A 2009 report published by the Institute of Medicine of the National Academies found that general practitioners involved in industry-sponsored studies increased their use of the trial sponsor’s drugs. The report was compiled by the institute’s committee on conflicts of interest in medical research, education and practice. “Some clinical trials in community practices may be ‘seeding’ trials that (drug) companies design to change prescribing habits rather than to gather scientifically useful information,” the report stated.

“The payments do what they’re supposed to do, which is make the doctors prescribe the company’s drugs,” Campbell said.

Despite criticism over payments to doctors, experts say that drug companies provide essential treatments and drugs, which ultimately benefit the population’s health.

“The reality is that big pharmaceutical companies do wonderful things with medicine, and new products are developed through these companies being good stewards but also effective business people,” said Dr. Robert Heaney, senior associate dean of Saint Louis University School of Medicine and assistant vice president for the university’s Medical Center. SLU received almost $12,000 from Pfizer for clinical research last year, according to the drug manufacturer’s filings.

For SLU, drug companies are major benefactors of ongoing research, according to Heaney. “Merck is the primary manufacturer of vaccines. How could you not talk to them and still be a good vaccine center?” Heaney said.

SLU enforces policies to limit the interactions of practicing physicians and medical students with drug companies to avoid undue influence. “We have to understand that (drug companies’) business ethics are not always compatible with a physician’s professional ethics,” Heaney said.

Washington University and its medical school, which collectively were paid more than $131,000 by Eli Lilly and Pfizer in 2009, said the money was part of about $61 million in funding for research from private sources. Joni Westerhouse, executive director for medical communications at Washington University School of Medicine, said the university also saw a “need to ensure that corporations’ research support and business-development activities do not unduly influence research and medical decision-making.”

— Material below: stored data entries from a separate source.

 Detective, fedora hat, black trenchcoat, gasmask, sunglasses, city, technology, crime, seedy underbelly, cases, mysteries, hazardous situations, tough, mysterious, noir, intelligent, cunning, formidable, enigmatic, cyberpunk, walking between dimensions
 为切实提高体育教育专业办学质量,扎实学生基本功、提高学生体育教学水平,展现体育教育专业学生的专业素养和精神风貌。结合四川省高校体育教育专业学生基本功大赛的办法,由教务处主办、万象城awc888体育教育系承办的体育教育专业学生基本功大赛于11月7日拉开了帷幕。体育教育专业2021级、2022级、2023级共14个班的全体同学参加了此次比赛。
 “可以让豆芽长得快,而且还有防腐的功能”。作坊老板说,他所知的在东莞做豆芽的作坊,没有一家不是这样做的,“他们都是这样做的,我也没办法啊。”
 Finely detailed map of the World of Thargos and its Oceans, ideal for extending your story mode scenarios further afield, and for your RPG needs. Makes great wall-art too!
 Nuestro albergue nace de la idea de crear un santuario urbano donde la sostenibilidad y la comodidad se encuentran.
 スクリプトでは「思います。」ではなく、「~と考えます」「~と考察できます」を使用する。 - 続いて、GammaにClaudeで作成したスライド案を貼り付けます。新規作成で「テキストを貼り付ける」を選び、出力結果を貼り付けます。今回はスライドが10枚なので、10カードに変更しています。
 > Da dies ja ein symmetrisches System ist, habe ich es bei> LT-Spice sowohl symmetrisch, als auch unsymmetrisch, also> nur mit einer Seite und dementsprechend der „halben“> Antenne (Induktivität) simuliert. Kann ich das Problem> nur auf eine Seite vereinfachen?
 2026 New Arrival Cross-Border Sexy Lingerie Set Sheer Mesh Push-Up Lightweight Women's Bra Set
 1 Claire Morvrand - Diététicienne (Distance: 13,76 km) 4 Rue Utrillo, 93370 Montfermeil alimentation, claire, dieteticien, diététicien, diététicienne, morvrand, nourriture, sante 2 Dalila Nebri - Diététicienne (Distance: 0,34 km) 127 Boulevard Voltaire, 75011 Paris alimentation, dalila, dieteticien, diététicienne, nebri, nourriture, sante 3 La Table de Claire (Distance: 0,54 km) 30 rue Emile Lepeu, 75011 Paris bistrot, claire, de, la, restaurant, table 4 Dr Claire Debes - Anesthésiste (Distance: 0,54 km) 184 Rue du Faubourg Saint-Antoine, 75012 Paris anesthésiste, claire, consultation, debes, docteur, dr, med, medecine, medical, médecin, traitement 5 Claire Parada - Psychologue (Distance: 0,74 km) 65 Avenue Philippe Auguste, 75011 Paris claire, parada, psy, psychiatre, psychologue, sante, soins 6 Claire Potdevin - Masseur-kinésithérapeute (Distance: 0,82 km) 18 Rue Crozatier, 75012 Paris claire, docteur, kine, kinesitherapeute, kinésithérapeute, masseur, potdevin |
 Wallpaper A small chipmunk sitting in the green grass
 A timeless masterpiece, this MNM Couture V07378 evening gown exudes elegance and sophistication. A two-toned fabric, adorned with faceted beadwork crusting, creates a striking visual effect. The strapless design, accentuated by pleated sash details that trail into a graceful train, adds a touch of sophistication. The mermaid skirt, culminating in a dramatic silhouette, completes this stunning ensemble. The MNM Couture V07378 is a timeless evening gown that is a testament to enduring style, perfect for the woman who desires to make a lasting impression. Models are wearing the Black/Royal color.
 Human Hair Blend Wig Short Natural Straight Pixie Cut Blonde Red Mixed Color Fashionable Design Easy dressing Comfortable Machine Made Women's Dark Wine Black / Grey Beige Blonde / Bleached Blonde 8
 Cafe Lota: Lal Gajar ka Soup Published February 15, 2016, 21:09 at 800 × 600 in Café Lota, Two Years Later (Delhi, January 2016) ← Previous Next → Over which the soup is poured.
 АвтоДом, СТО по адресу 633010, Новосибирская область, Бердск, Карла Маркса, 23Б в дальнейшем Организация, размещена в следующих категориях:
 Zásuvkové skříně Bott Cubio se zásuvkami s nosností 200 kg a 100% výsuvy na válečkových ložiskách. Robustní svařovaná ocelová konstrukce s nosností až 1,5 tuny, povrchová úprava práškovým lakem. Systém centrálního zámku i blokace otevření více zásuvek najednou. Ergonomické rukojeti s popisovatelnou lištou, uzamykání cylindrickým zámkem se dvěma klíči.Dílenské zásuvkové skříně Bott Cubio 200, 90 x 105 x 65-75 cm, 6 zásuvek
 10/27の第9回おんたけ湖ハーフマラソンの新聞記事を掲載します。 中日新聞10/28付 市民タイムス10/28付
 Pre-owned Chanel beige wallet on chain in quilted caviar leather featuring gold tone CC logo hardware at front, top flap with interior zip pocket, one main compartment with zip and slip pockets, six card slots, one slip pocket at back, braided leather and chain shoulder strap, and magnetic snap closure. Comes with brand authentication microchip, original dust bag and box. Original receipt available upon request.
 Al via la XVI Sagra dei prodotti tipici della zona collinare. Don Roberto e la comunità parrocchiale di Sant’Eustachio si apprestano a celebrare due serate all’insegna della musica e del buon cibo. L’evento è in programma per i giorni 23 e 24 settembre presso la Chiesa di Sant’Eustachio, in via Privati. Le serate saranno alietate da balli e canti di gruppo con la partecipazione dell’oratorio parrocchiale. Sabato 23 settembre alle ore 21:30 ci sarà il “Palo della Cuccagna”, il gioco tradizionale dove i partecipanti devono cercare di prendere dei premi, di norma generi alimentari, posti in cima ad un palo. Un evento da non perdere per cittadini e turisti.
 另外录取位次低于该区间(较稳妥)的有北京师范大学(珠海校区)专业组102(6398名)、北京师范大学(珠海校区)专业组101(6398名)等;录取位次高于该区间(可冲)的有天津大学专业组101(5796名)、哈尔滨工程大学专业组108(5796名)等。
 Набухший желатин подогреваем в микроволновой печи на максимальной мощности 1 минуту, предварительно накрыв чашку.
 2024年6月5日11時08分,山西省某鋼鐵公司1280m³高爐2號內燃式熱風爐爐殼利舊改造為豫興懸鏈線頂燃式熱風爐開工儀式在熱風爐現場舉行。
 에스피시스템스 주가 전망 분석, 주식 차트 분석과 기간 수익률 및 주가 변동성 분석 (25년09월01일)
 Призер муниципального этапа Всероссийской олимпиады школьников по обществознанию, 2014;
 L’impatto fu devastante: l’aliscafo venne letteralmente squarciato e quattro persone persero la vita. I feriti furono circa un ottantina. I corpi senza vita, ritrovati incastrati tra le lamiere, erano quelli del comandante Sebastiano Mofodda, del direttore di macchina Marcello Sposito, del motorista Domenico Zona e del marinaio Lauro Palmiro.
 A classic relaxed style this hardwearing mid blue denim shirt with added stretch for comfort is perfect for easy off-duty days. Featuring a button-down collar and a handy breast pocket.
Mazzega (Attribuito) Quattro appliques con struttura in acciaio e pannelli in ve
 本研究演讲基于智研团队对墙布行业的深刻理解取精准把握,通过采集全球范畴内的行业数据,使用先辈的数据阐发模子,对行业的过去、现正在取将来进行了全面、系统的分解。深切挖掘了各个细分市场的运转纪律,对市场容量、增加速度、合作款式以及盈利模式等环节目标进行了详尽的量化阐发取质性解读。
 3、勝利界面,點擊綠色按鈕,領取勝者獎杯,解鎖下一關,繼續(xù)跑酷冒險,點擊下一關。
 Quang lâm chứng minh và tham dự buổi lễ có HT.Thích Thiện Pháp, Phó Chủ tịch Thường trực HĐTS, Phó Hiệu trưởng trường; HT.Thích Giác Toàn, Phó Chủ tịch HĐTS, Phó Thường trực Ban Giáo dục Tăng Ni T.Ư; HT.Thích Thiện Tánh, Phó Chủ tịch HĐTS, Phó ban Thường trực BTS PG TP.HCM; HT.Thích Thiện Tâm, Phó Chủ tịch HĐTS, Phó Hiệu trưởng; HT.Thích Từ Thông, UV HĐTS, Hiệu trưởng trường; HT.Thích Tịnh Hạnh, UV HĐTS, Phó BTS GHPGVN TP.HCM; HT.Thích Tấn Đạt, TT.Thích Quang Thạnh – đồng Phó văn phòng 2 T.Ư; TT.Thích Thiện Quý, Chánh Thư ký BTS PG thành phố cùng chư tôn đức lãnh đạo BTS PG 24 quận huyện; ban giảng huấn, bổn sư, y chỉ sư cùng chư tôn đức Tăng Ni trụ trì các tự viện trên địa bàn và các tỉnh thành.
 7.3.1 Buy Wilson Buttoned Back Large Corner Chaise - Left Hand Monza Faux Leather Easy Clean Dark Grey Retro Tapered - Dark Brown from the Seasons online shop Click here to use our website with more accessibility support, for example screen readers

“The school will continue to nurture academic-industry collaboration in medical discovery and scientific advancement, and continue to refine and update our policies to ensure the highest standards of ethical and professional behavior and research integrity,” she said. The university has a five-year, $25 million agreement with Pfizer to collaborate on biomedical research.

List of Drug Company Payouts
Top 5 earners for each drug company:

Merck & Co. Inc.*
Physician Payment

Dr. Janet McGill $12,525
Dr. Stephen Crespin $10,625
Dr. Lawrence Gelb $10,500
Dr. Mario Castro $10,375
Dr. Robert Belshe $10,325
*disclosure of payments to U.S. speakers for promotional (non-CME) medical education activities conducted from July 1 to Dec. 31, 2009.

Eli Lilly and Co.*
Physician Payment

St. Charles Psychiatric Associates $130,900
Dr. Azfar Malik $74,900
Dr. David Weinstein $72,500
Allied Behavioral Consultants Inc. $67,750
Northwest Psychiatric Associates $60,450
*disclosure of payments for leading advising and consultation fees, as well as reimbursement for educational programs, from Jan. 1 to Sept. 31, 2009

GlaxoSmithKline*
Physicians Payment

Dr. David Alpers $134,688
Dr. Bernard McGuire $46,000
Dr. Morey Blinder $40,400
Dr. Eric Lederman $32,650
Dr. David Weinstein $31,000
*disclosure of payments made from April 1 to Dec. 31, 2009.

Pfizer*
Physicians Payment

Washington University and Washington University Medical School $106,414
Dr. Marin Kollef $86,489
Dr. Jeffrey Gordon $75,108
Dr. Andrey Shaw $37,500
Dr. Carl Klutke $37,370
*disclosure of payments made from July 1 to Dec. 31, 2009.